ISLAMABAD: Medicine prices in the country are likely to skyrocket following the imposition of an 18% sales tax in the wake of the federal government's decision to deregulate the prices of non-essential medicines. According to a The News report published on Tuesday, the move will allow pharmaceutical companies to set and sell the prices of medicines as per their will. "The government has proposed an 18% sales tax on medicines in the next budget on the recommendation of the International Monetary Fund (IMF) as part of a broader effort to rationalise tax policies and increase revenue," an official of the Ministry of National Health Services, Regulations and Coordination (NHS, R&C) told the publication.
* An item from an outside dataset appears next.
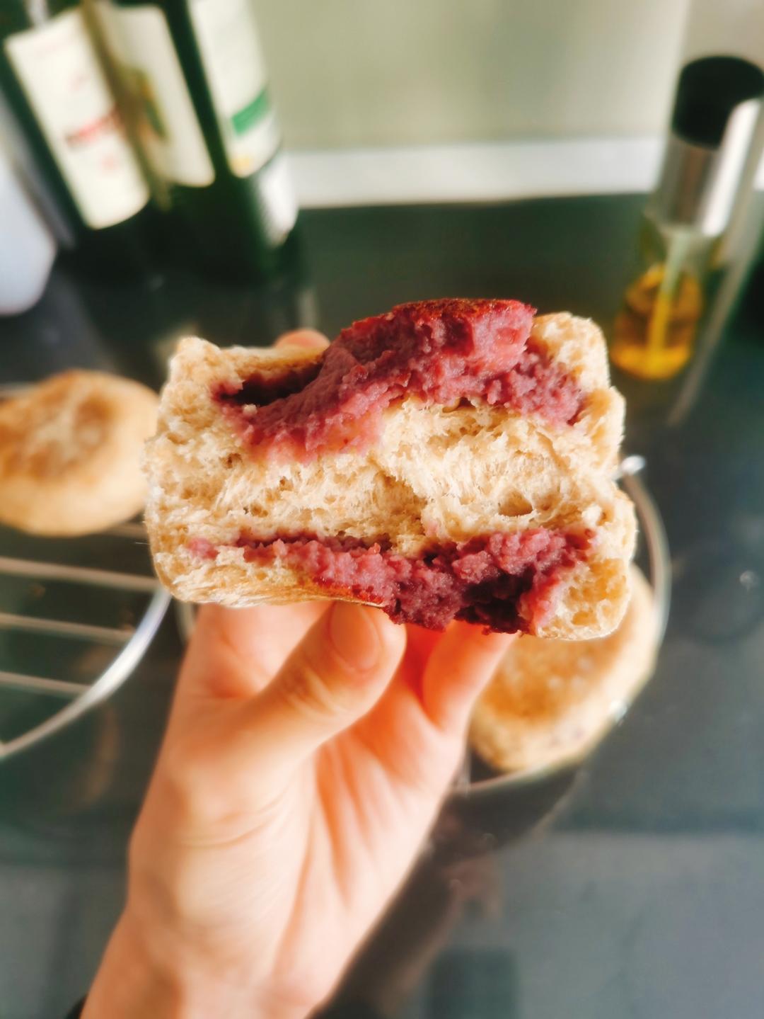 做了紫薯红豆馅,用牛奶和了面。一个饼里谷薯杂豆,蛋奶坚果都有了。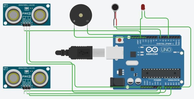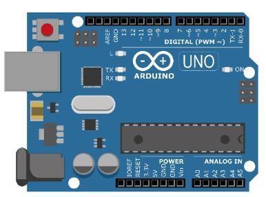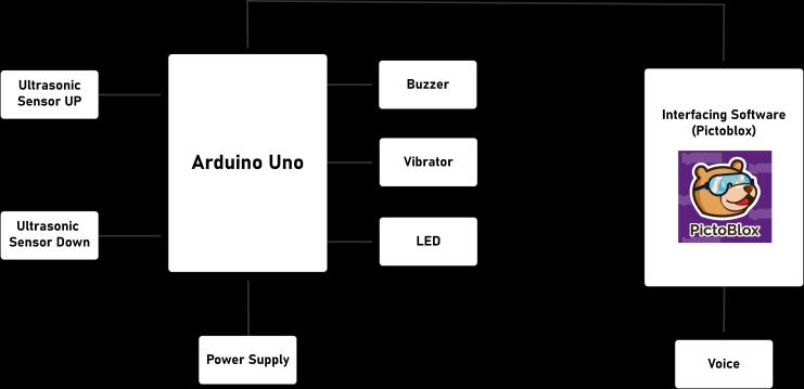 Arduino Uno - The signals are sent to the Arduino Uno which is the main microcontroller or the circuit. The Arduino Uno transmits these signals towards the output devices and performs tasks on the code given. The Arduino Uno consists of 14 digital input/output pins (of which 6 can be used as PWM outputs), 6 analog inputs, a 16 MHz ceramic resonator, a USB connection, a power jack,anICSPheaderandaresetbutton.Itisaboardbased onATmega328Pcontrollerandhas32KBofflashmemory. It also has a UART (Universal Asynchronous ReceiverTransmitter) interface for serial communication with otherdevices.[18]

Authorities, the official added, have already deregulated the prices of thousands of medicines. Therefore, the prices of medicines will be out of the people's reach when combined with the 18% sales tax. The officials within the finance circles have claimed that the recommendation to impose an 18% sales tax is part of a set of measures suggested by the IMF to improve Pakistan’s fiscal health, which also includes bringing unprocessed food, petroleum products and stationery under the standard GST rate.
The Washington-based lender's recommendation for taxing medicines, however, comes at a time when the previous caretaker government had already deregulated medicine prices. It's move ended the Drug Regulatory Authority of Pakistan’s control over fixing prices and allowed pharmaceuti.